The federal government, though its spending powers and information resources, can help steer subnational action, raise the federal floor, and encourage laggard jurisdictions to act. For instance, in the Trump years, the Department of Transportation withdrew greenhouse gas metrics for federal transportation spending. [68] The rule could readily be reinstated—helping redirect spending to lower vehicle emissions and favor transit. Similar opportunities exist throughout government to provide clear information on climate and public health impacts, to condition grants on appropriate action, and to target funds to subnationals making progress. One particularly useful strategy may be to fund communities themselves to further advocate for climate and public health progress. For instance, California has been providing such grants to disadvantaged communities working to improve their own air quality, offering community groups resources to develop data and arguments to further inform and influence regulatory decisions involving them.[69] Similar models would help build the interconnected networks of advocates and regulators needed to make climate action sticky.

D. Affirmatively Support Subnationals in the Paris Agreement Context

Although the Paris Agreement does not bind subnationals, subnational action has produced significant emission reductions that will aid the United States in meeting its overall goals—a pattern that has repeated worldwide.[70] There is every reason to recognize this progress in the Nationally Determined Contribution that the United States must present in Glasgow this year—for instance, by identifying state progress, past and continuing, as part of the Contribution—and commit to further supporting subnational action in the context of the U.S.’s international obligations, a commitment which could take the form of an executive order or memorandum directing the federal government to forward this action, of the form I have described above. Creating a State Department Office dedicated to supporting subnational climate action, within transnational networks,[71] perhaps along with positions with the Domestic Policy Council to do the same inside the country, would also deepen this commitment and help operationalize it within the federal structure.

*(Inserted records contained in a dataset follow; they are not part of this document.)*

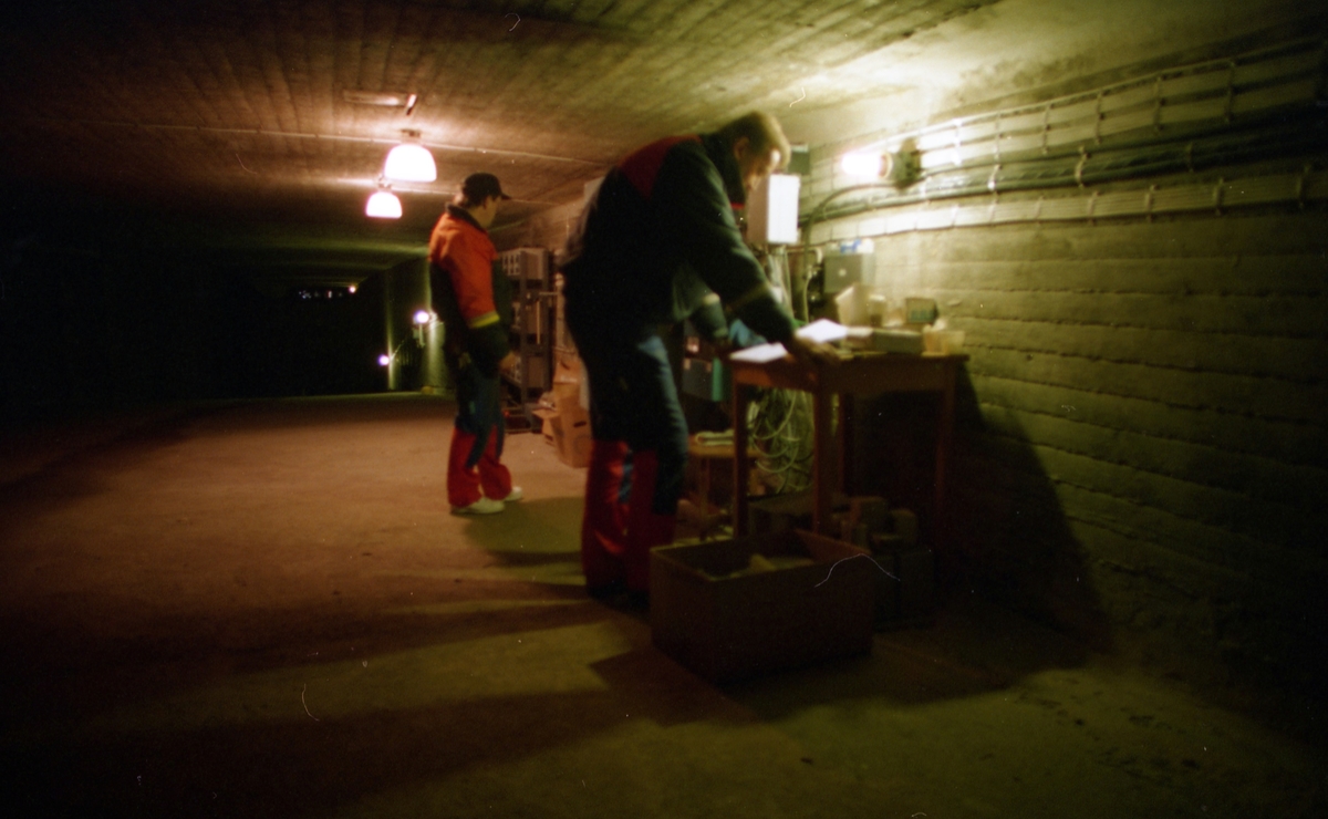 Kontroll av fyrljus inne i högbrodelen under körbanan, utförd av Kalmar Energi.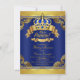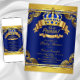 Fancy royal blue and gold crown prince baby shower invitation with elegant royal blue and gold crown and banners on a rich royal blue and gold swirl background. This elegant, fancy, beautiful royal blue and gold prince baby shower invitation is easily customized by simply adding your details in the font style of your choice. This is a printed design with no real diamonds, gold, etc.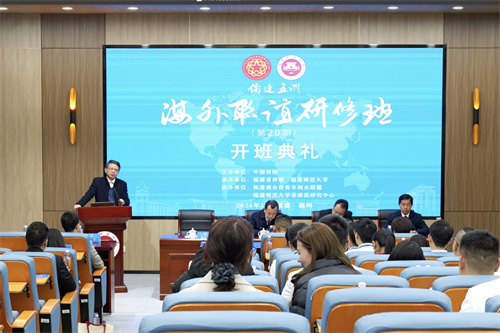 在开班式上,陈式海代表省侨联致辞。他简要介绍了侨乡福建的经济、文化特点和新福建建设情况。他指出,稻谷晒干才能当种子,铁要百炼才能成钢,参训学员要珍惜研习机会,认真学习、互相促进、共同提高、增进友谊,在本次学习中如种子般发芽生长,在未来的人生旅程里,不断磨砺自己,逐渐成长为菲律宾和谐侨社的参天大树。朱柳表示,“侨连五洲·海外联谊研修班”是中国侨联面向海外重要侨团侨领、特别是侨界青年才俊以及华裔新生代而精心打造的主要品牌活动,参训学员要在学习中增长世情、国情和侨情的知识,在思考中升华思想,增进家国情怀,在未来的实践中,弘扬好嘉庚精神,担负起引领海外和谐侨社建设、传承中华优秀文化、沟通中菲两国的使命和职责。陈庆华代表学校向与会领导、嘉宾表示热烈欢迎,并简要介绍了学校发展情况。他表示,在菲律宾华社的支持下,我校与菲律宾建立了深厚的国际教育合作基础。他希望参训学员在本次学习中进一步了解福建、了解福建师大,继续发挥融通中外的独特优势,架设起中菲两国交往桥梁,在增进产业合作、文化交流等方面发挥积极作用。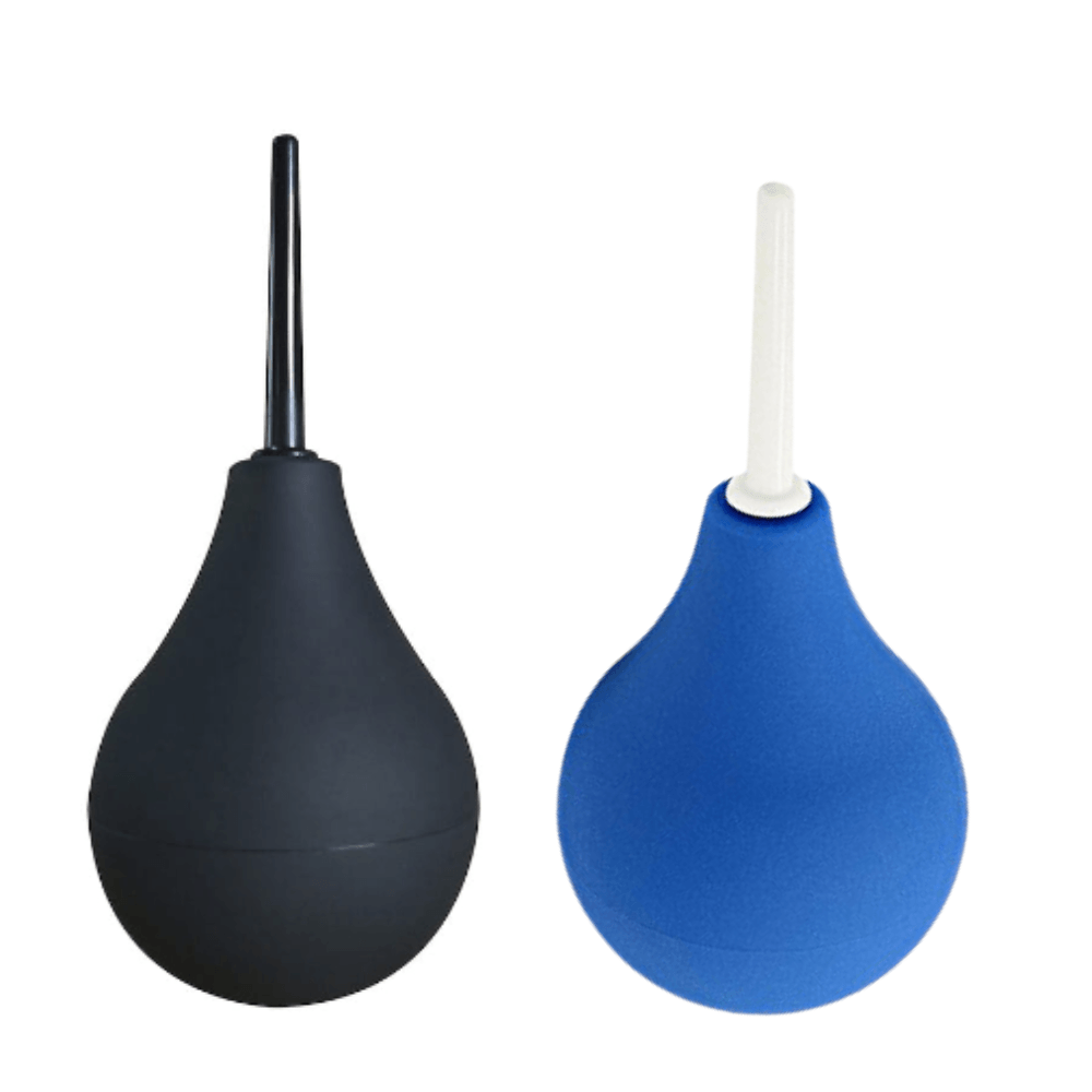 Ducha unissex para limpeza anal e vaginal, composta por 1 aplicador e bomba para sucção da água.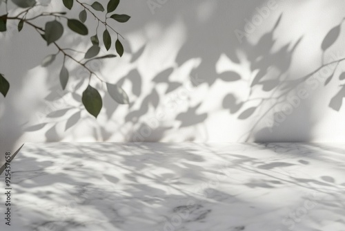 Shadows of leaves on white marble surface

This sort of formal commitment would confirm there is no legal or policy question as to whether subnationals should act, and further mobilize national support for networked federalism across national borders.[72] Supporting subnationals in the Paris Agreement context will help further connect subnationals globally, providing a solid platform for collaboration and increased climate ambition.

* * *

These actions—and doubtless many others—would help support the thickly interconnected, polycentric, and resilient networks needed to accelerate climate action, make it resilient, and (by bringing in many actors and voices) amplify solutions that equitably serve many. The climate problem is too big for any one government to take it on—including the federal government. The Biden administration, as it confronts this challenge, should embrace the irony that the Trump administration has left it a gift: an engaged, effective, and growing network of subnational actors. The Biden administration should nurture that network, setting us on a course for sustained progress with little time to lose.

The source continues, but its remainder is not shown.